What you will do — Once you reach the line that holds "CC Logo Bow" in the listing below, output it and every line after it through the line that holds "宣讲会后,邢青松代表与大学生", word for word.

Input for this task —
[Start of Attachment]

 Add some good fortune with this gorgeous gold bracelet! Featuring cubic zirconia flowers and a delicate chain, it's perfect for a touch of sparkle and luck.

[End of Attachment]
[Start of Attachment]

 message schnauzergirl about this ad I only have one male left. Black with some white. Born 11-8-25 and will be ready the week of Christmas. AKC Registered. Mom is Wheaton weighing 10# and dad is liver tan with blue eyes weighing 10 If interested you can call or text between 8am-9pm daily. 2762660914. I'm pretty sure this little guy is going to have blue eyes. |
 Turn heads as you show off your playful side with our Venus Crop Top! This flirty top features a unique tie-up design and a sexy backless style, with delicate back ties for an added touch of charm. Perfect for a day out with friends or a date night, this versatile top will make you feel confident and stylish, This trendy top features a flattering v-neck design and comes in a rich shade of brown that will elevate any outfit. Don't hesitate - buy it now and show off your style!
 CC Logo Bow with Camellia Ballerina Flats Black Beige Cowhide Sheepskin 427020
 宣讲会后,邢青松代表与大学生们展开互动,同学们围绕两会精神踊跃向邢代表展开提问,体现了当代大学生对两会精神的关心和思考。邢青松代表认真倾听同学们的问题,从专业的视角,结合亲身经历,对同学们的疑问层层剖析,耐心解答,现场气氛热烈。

[End of Attachment]

Answer below —
 CC Logo Bow with Camellia Ballerina Flats Black Beige Cowhide Sheepskin 427020
 宣讲会后,邢青松代表与大学生们展开互动,同学们围绕两会精神踊跃向邢代表展开提问,体现了当代大学生对两会精神的关心和思考。邢青松代表认真倾听同学们的问题,从专业的视角,结合亲身经历,对同学们的疑问层层剖析,耐心解答,现场气氛热烈。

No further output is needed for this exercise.